Внимай, читатель: будешь доволен Апулей, "Метаморфозы", предисл., I, 1) Helgus Nikitinski, De eloquentia latina saec. XVII et XVIII dialogus, Neapoli in aedibus Vivarii, MM (Istituto italiano per gli studi filosofici. L"umanesimo europeo. Series Latina), 247 pp. (Олег Никитинский. О латинском красноречии XVII-XVIII вв. Неаполь: Итальянский институт философских исследований, 2000, 247 с.)
Эту книгу ждали давно. Монография Олега Никитинского написана на латинском языке (!) и посвящена творчеству западноевропейских гуманистов XVII-ХVIII вв., наследников гуманистической традиции итальянского Возрождения.
Книга Никитинского написана в форме воображаемого диалога о латинском красноречии между двумя патриархами отечественной классической филологии Сергеем Ивановичем Соболевским (1864-1963) и Михаилом Михайловичем Покровским (1869-1942). Подобный прием - не пустая условность, напоминающая нам о гуманистических диалогах, подражающих Цицерону и Эразму Роттердамскому. В этом диалоге выдающихся русских ученых, независимо от авторского вымысла, представлен, в сущности, эпизод нескончаемой дискуссии (usus disputandi), повседневный способ существования гуманистов. Да и в реальной жизни Соболевский и Покровский состояли в дружеской переписке, обменивались письмами на латинском языке. В Summarium, заменяющем традиционное оглавление, перечислены темы бесед двух мэтров латинистики: уже из этого перечня видно, сколь сложную и трудоемкую задачу поставил перед собой автор книги. Тем с большей определенностью можно констатировать - перед нами в высшей степени оригинальное и глубокое исследование о латинской словесности ХVII-ХVIII вв., заслуживающее самого пристального внимания специалистов в области изучения традиций и культуры гуманистов. Чуть ли не впервые за последние 300 лет появилась книга, которая написана с позиций сторонников "древнего", классического, красноречия Цицерона и Квинтилиана и полемизирует со ставшими привычными со времен знаменитого спора конца XVII-ХVIII вв. "новыми" взглядами приверженцев Буало и Вольтера.

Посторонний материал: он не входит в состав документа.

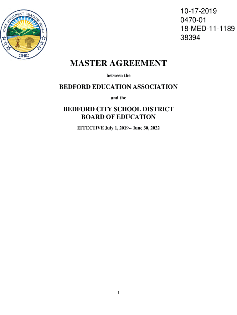 10172019 047001 18MED111189 38394MASTER AGREEMENT between therefore EDUCATION ASSOCIATION and therefore CITY SCHOOL DISTRICT BOARD OF EDUCATION EFFECTIVE July 1, 2019, June 30, 20221CERTIFICATE The
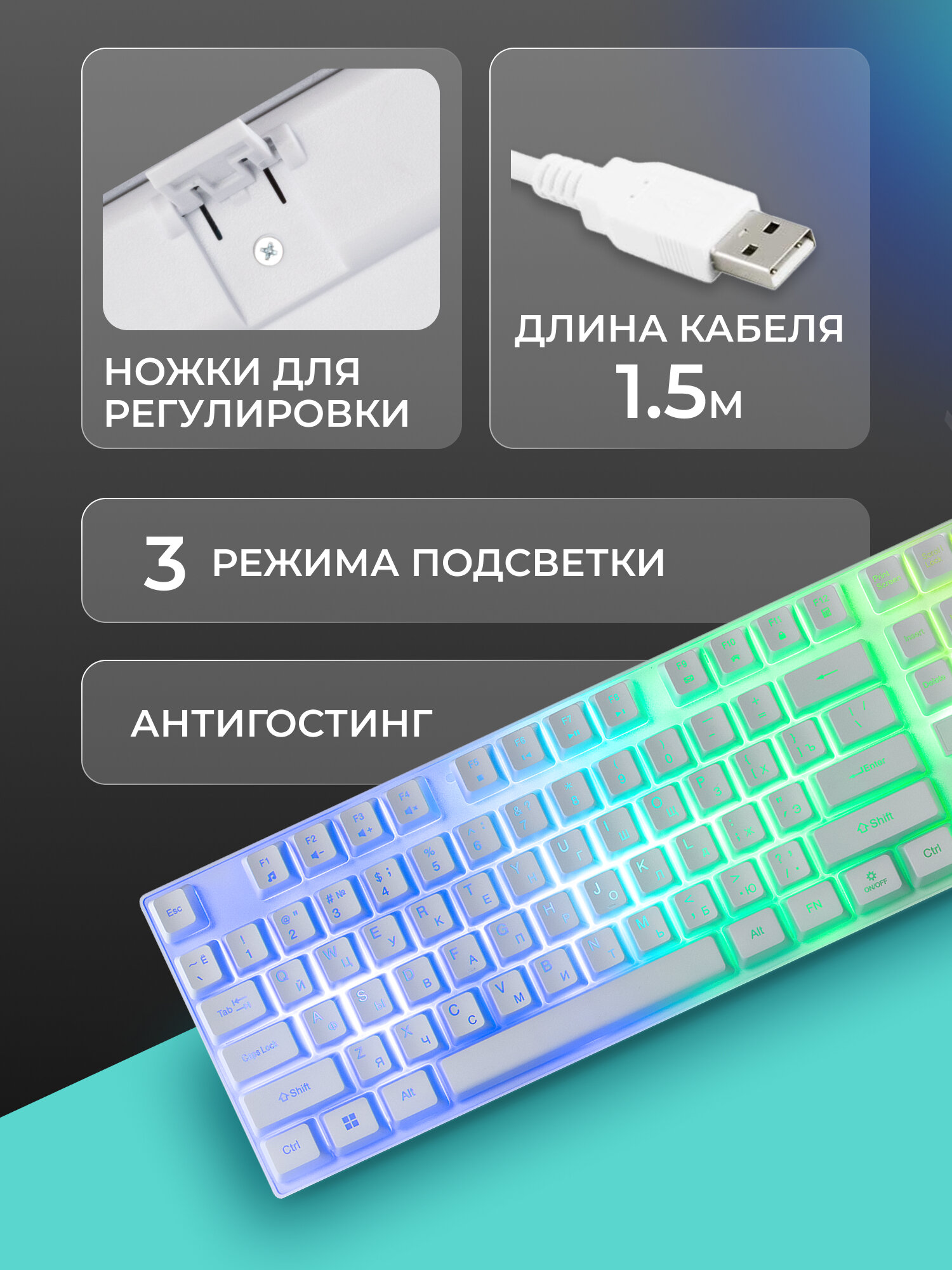 | Дополнительная информация | Прочный USB-кабель 1,5 м; подсветка Rainbow клавиш и символов |
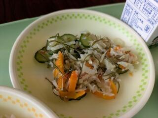 今日は、麦ご飯、春雨スープ、キャベツのそぼろ煮、牛乳でした。

В книге Никитинского подробно анализируются разновидности стилей произведений авторов ХVII-ХVIII вв., для которых латынь, несмотря на бурное развитие национальных языков, все еще оставалась живой. По мнению автора, этот период в истории европейского гуманизма представляет собой завершающую стадию развития новолатинской языковой культуры, когда возможности латыни еще не исчерпали себя и она могла служить основой для полноценного творчества.
Среди огромного числа латиноязычных авторов особым вниманием О.Д. Никитинского пользуются три фигуры ("канон авторов"), которые во многом определили стилистическое своеобразие новолатинской литературы: прежде всего это убежденный "цицеронианец" Марк Антуан Мюре, затем Юст Липсий, ориентирующийся на "новый стиль" Сенеки и Тацита, и, наконец, Давид Рункен, который образцовое знание латыни ценил не меньше научного знания: хорошо писать означало для этих людей хорошо думать.
Марк Антуан Мюре (1526- 1585), у которого в юношеские годы обучался латинскому языку Монтень, слыл непререкаемым авторитетом во всем, что касается латинской стилистики. Принадлежа к цицеронианскому направлению, издавна признанному в Италии, он, благодаря индивидуальному стилю, как отмечает автор книги, превосходил древних цицеронианцев, хотя и использовал, по его признанию, "христианские слова". Передают, что после того, как Мюре послал однажды Скалигеру латинские стихи собственного сочинения - подражание архаике, тот в ответ заявил, что лишь неуч усомнится в подлинности произведения. Другой выдающийся филолог и эрудит, Юст Липсий, поначалу такой же ревностный поклонник цицеронианских периодов, как и его учитель Мюре, издав "Анналы" Тацита, становится последовательным приверженцем сжатого и афористичного стиля. Если бы не Липсий, возможно, Тацит так бы и остался неизвестным европейской читающей публике из-за трудностей, связанных с состоянием рукописей. Издание Липсием сочинений Сенеки-философа пробудило у "ученейшего мужа" (как называл его Монтень) интерес к стоически-христианской морали и праву, что нашло впоследствии отражение в известном трактате Липсия "Политика".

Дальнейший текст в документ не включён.